Ja chciałem tylko dodać do tego, co zostało już powiedziane, że również w drugiej osobie liczby pojedynczej ruchoma końcówka fleksyjna często pojawia się w języku potocznym dla emfazy. Często humorystycznie, ale nie zawsze.

Np.:

 A ty*ś* co (jest) taki nerwowy? (neutralne zdanie brzmiałoby 'A ty, dlaczego *jesteś* taki nerwowy?')
  A ty*ś* co se myślał?! ('A ty co sobie myślał*eś*?!', 'Co ty sobie wyobrażał*eś*?!')
  A ty*ś* co za jeden?! ('Kim ty właściwie jest*eś*?!') <- niezbyt uprzejme, jak się domyślasz

Częściej występuje w połączeniu z innymi zaimkami:

(A i B to studenci)
A: Chcesz się pouczyć z moich notatek?
B: Nie, dzięki, wolę ze swoich.
(następnego dnia)
B: Ej, pożyczyłabyś mi swoje notatki?
A: A widzisz, a jak wczoraj proponowałam, to*ś* nie chciał.

Coś ty zrobił?!

W wyrażeniu_ No coś ty!_

(A i B wychodzą z egzaminu)
A: Na pewno nie zdałam.
B: No co*ś* ty?! Przecież się uczyłaś. <- Tutaj _-ś_ pojawia się wzmacniając _co_ (można też powiedzieć _No co ty!_, _Co ty gadasz?!_; _No wiesz co?!_ - to ostatnie tylko z dezaprobatą). Podejrzewam, że to _-ś_ zostało w tym wyrażeniu jako pozostałość regularnych form z wyrażoną akcją (_Coś ty, zgłupiał?_, _Coś ty, zwariował?_; _Coś ty zrobił?_, _Coś ty narobił?_, _Coś ty powiedział?_, itd.). Akcji nie ma, walor emfatyczny został. Inny przykład.

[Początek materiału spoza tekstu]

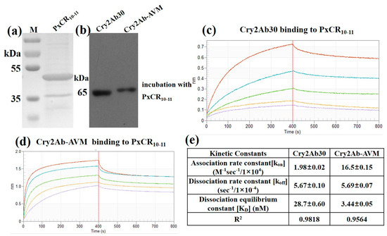 In our previous study, PxCR10–11 is found to be the binding fragment of Cry2Ab30 in P. xylostella cadherin, and may be involved in the action of Cry2Ab30 against P. xylostella [23]. Qiu et al. also reported that the CR7-MPED region in the S. exigua cadherin played an important functional binding site for both Cry1Ac and Cry2Aa, but they did not compete for the same binding site, which suggested that they may bind to diverse cadherin protein epitopes. When cadherin transcription was suppressed by oral RNAi knockdown, the susceptibility of S. exigua larvae to both Cry1Ac and Cry2Aa was significantly reduced. These results suggested that cadherin serves as a specific Cry2A target [22]. Zhao et al. also reported that cadherin may function as receptors for Cry2Aa in Helicoverpa armigera and play important roles in the toxicity of the Cry2Aa toxin [29]. Here, PxCR10–11 was expressed in the Escherichia coli expression system and was further purified using a GST-Sefinose prepacked gravity column (Figure 3a). Ligand blot assay revealed that both Cry2Ab30 and Cry2Ab–AVM could bind PxCR10–11 (Figure 3b). To further assess the kinetic constants of Cry2Ab30 or Cry2Ab–AVM binding to PxCR10–11, Fortebio biolayer interferometry was employed. As shown in Figure 3c,d, Cry2Ab30 and Cry2Ab–AVM both had strong binding affinity to PxCR10–11, characterized by rapid association and slow dissociation. Cry2Ab–AVM showed a significantly higher association rate constant (kon) than Cry2Ab30. The KD value for the binding of Cry2Ab30 to PxCR10–11 was 28.7 nM, which was 8.34-fold larger than that of Cry2Ab–AVM (3.44 nM) (Figure 3e). The results revealed that bioconjugation engineering on Cry2Ab30 could significantly improve its binding affinity to PxCR10–11.
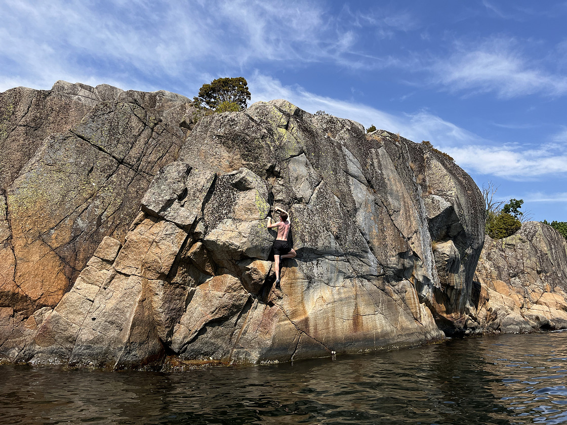Klippen er et hoppested men først pusset og klatret juli 2023. Øya Saueholmen er en kjent ferieøy med teltplasser på gressenger. Det er gjerne satt ut sauer her. Øya har utedo, og det er faktisk drikkevann i ett par kraner. Det er lett og parkere på Engø båthavn der Veierland fergen går fra. Enklest er sup til øya. Ca 500 m.
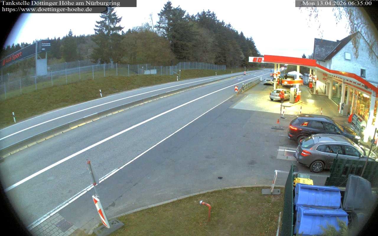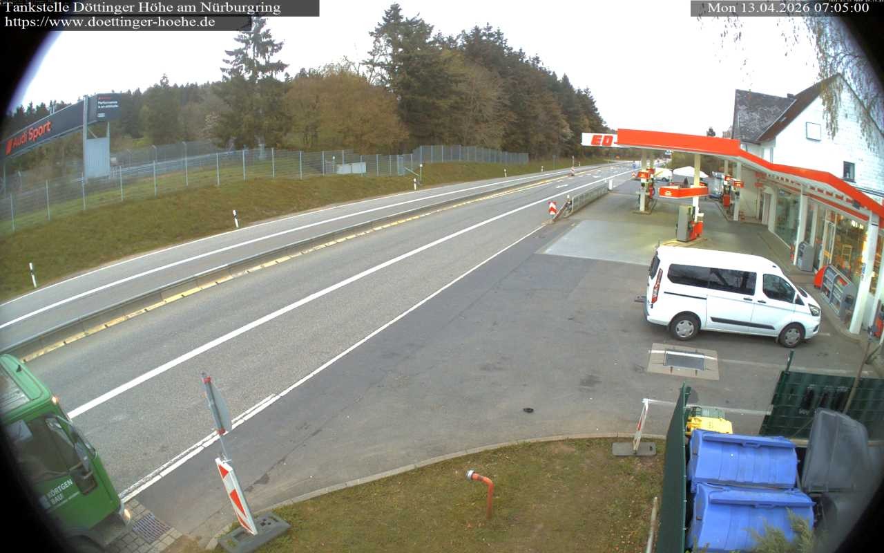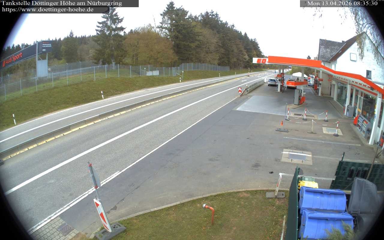 Die Webcam zeigt die Tankstelle an der Döttinger Höhe. Sie liegt in der Nähe der bekannten Rennstrecke am Nürburgring.

W pierwszej osobie liczby pojedynczej, jak w tytułowym przykładzie, zarówno kombinacja _ja_ + _-m_, jak połączenia z innymi zaimkami (_com_, _tom_, _gdziem_, itp.) ma wydźwięk archaiczny i podniosły, tak jak w słynnym fragmencie Ewangelii świętego Jana:

Wypisał też Piłat tytuł winy i kazał go umieścić na krzyżu. A było napisane: „Jezus Nazarejczyk, Król Żydowski” (łac. _Iesus Nazarenus Rex Iudaeorum_).  Ten napis czytało wielu Żydów, ponieważ miejsce, gdzie ukrzyżowano  Jezusa, było blisko miasta. A było napisane w języku hebrajskim,  łacińskim i greckim. Arcykapłani żydowscy mówili do Piłata: „Nie pisz:  Król Żydowski, ale że On powiedział: Jestem Królem Żydowskim”. Odparł  Piłat: „*Com napisał, napisałem*”. [J 19:19]


----------



## Roy776

Dziękuję ci bardzo za świetne wyjaśnienie, ryba! Bardzo pouczające! A także dzięki wam wszystkim!


----------